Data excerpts
╭──
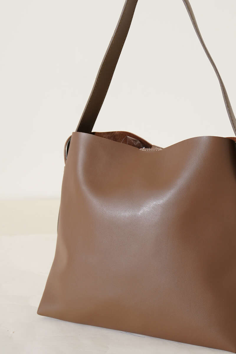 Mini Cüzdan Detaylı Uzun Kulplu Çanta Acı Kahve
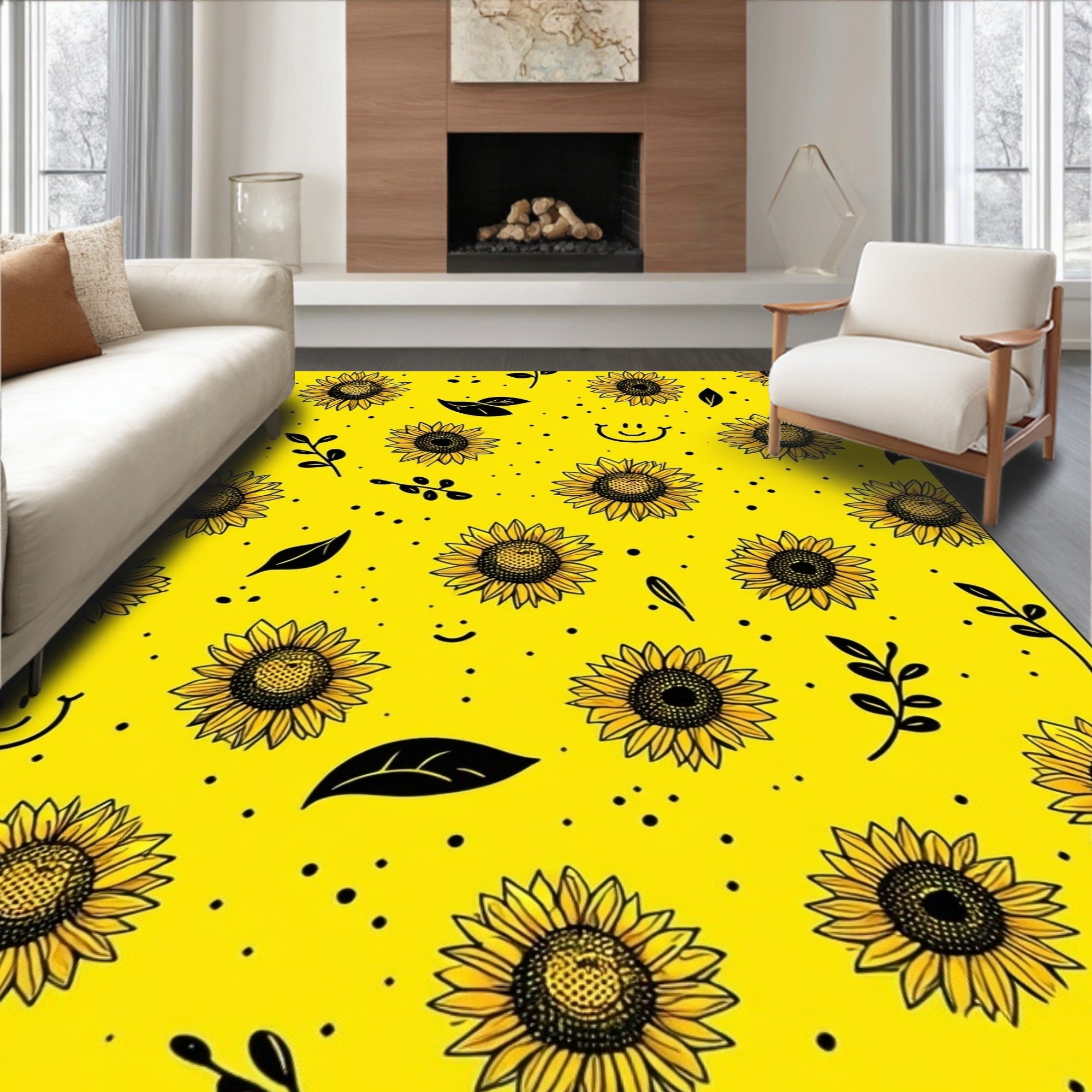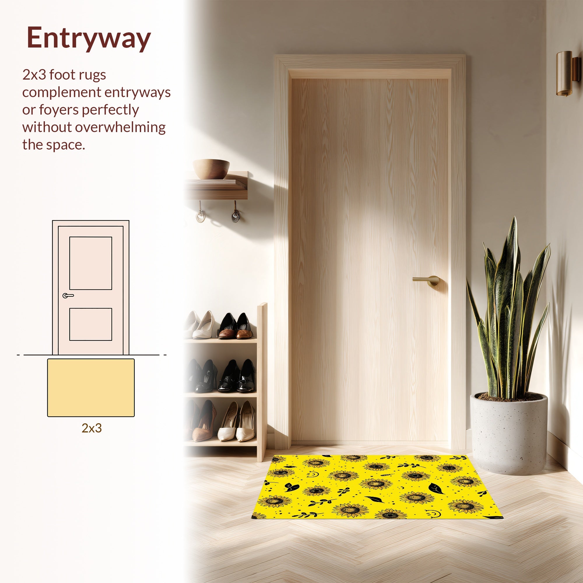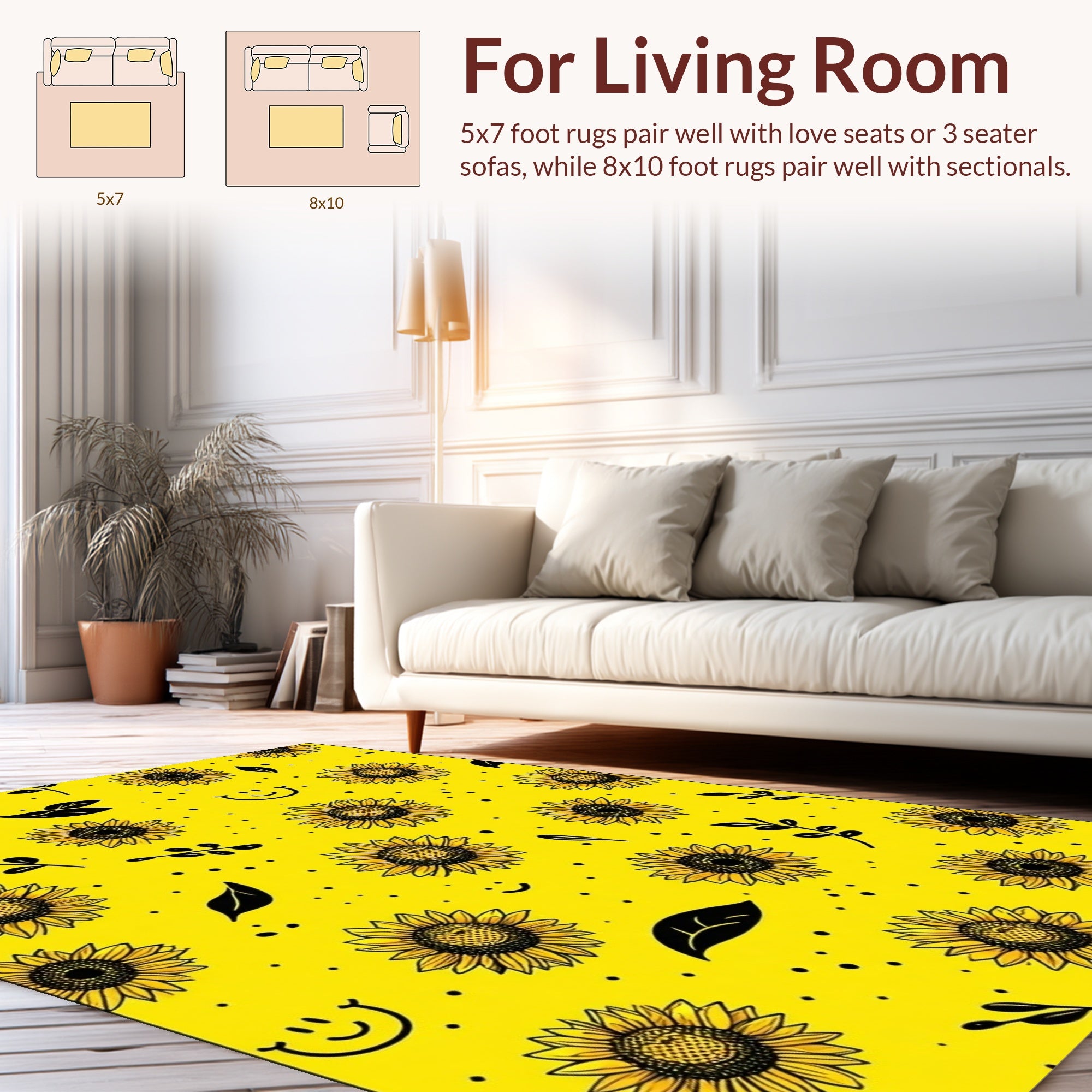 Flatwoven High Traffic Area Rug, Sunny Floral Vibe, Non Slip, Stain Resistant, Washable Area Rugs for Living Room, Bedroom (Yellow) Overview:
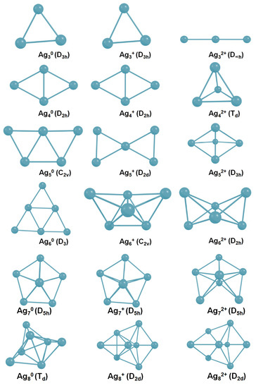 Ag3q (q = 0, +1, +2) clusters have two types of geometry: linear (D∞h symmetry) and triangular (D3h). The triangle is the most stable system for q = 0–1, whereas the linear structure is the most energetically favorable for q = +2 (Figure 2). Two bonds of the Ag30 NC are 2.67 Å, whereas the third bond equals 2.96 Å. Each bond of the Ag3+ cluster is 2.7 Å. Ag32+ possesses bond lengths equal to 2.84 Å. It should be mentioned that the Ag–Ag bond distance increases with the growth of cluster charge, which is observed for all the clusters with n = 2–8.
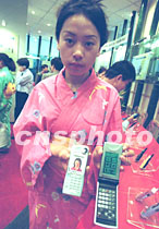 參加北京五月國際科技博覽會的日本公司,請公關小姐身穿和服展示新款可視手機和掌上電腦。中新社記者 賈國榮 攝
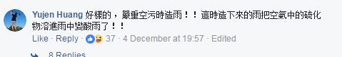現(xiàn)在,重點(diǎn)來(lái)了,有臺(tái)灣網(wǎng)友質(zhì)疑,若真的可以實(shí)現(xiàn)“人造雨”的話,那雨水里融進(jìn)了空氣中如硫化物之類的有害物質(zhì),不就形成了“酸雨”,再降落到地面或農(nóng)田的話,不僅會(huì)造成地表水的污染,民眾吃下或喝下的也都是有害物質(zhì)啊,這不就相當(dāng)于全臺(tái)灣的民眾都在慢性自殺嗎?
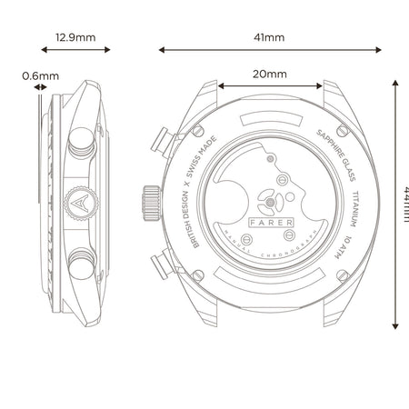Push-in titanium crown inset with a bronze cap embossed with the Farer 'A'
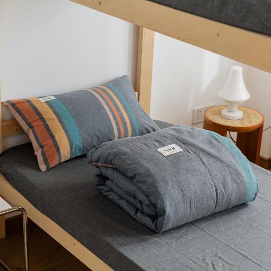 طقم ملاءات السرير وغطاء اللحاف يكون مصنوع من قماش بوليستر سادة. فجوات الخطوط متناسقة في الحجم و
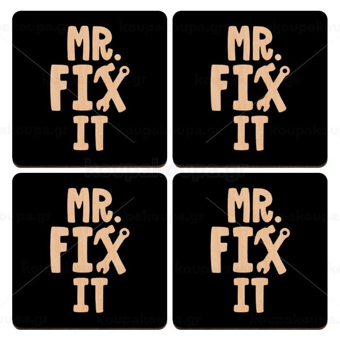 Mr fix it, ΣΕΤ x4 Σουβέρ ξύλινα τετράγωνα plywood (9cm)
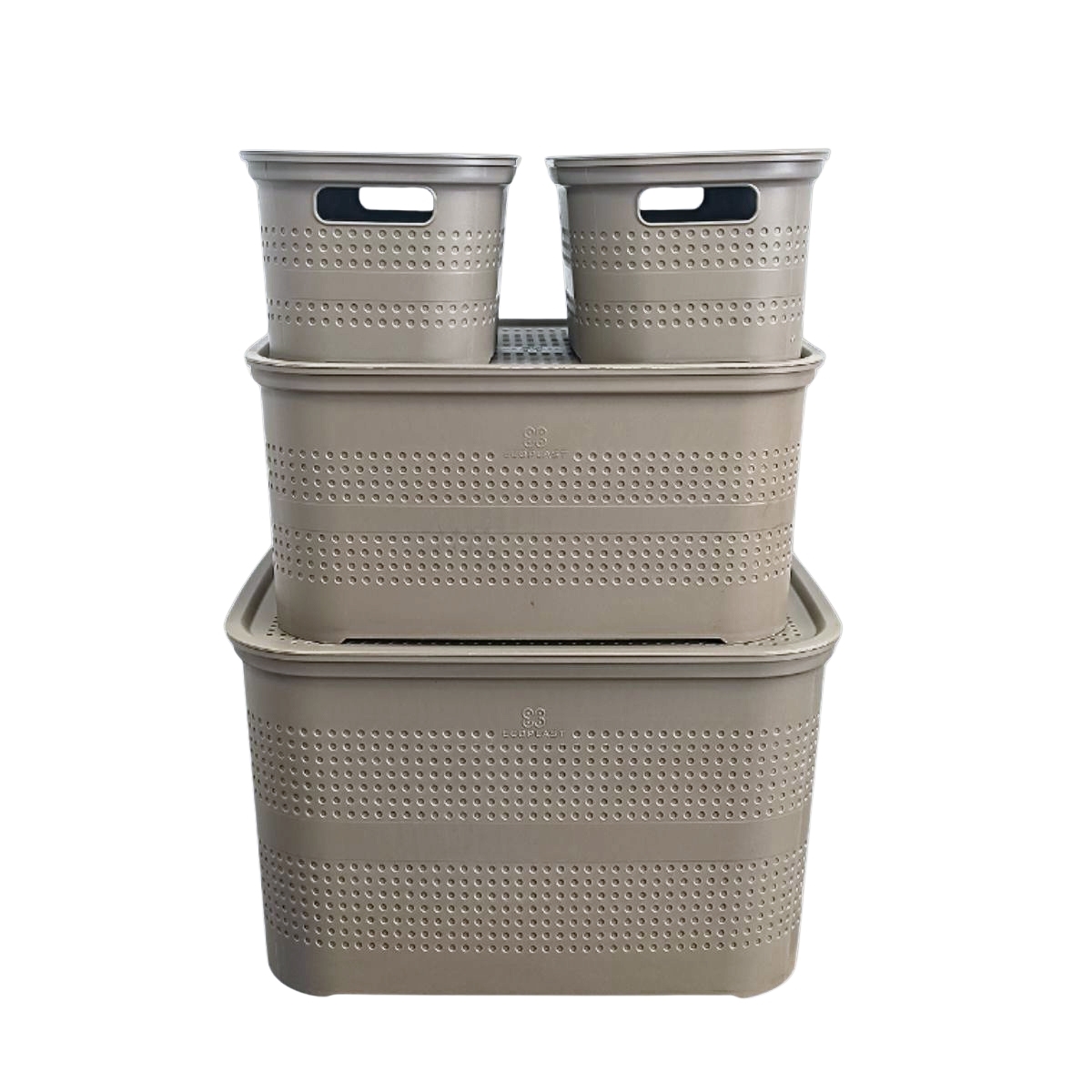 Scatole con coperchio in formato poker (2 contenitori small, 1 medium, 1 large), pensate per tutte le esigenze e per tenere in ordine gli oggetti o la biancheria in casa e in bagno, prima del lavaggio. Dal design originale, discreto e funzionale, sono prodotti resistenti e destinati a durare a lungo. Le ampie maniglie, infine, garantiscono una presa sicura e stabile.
╰──
■ What the task requires
Each entry needs to be retyped exactly; the pictures stay out.

■ Answer below
 Mini Cüzdan Detaylı Uzun Kulplu Çanta Acı Kahve
 Flatwoven High Traffic Area Rug, Sunny Floral Vibe, Non Slip, Stain Resistant, Washable Area Rugs for Living Room, Bedroom (Yellow) Overview:
 Ag3q (q = 0, +1, +2) clusters have two types of geometry: linear (D∞h symmetry) and triangular (D3h). The triangle is the most stable system for q = 0–1, whereas the linear structure is the most energetically favorable for q = +2 (Figure 2). Two bonds of the Ag30 NC are 2.67 Å, whereas the third bond equals 2.96 Å. Each bond of the Ag3+ cluster is 2.7 Å. Ag32+ possesses bond lengths equal to 2.84 Å. It should be mentioned that the Ag–Ag bond distance increases with the growth of cluster charge, which is observed for all the clusters with n = 2–8.
 參加北京五月國際科技博覽會的日本公司,請公關小姐身穿和服展示新款可視手機和掌上電腦。中新社記者 賈國榮 攝
現(xiàn)在,重點(diǎn)來(lái)了,有臺(tái)灣網(wǎng)友質(zhì)疑,若真的可以實(shí)現(xiàn)“人造雨”的話,那雨水里融進(jìn)了空氣中如硫化物之類的有害物質(zhì),不就形成了“酸雨”,再降落到地面或農(nóng)田的話,不僅會(huì)造成地表水的污染,民眾吃下或喝下的也都是有害物質(zhì)啊,這不就相當(dāng)于全臺(tái)灣的民眾都在慢性自殺嗎?
Push-in titanium crown inset with a bronze cap embossed with the Farer 'A'
 طقم ملاءات السرير وغطاء اللحاف يكون مصنوع من قماش بوليستر سادة. فجوات الخطوط متناسقة في الحجم و
 Mr fix it, ΣΕΤ x4 Σουβέρ ξύλινα τετράγωνα plywood (9cm)
 Scatole con coperchio in formato poker (2 contenitori small, 1 medium, 1 large), pensate per tutte le esigenze e per tenere in ordine gli oggetti o la biancheria in casa e in bagno, prima del lavaggio. Dal design originale, discreto e funzionale, sono prodotti resistenti e destinati a durare a lungo. Le ampie maniglie, infine, garantiscono una presa sicura e stabile.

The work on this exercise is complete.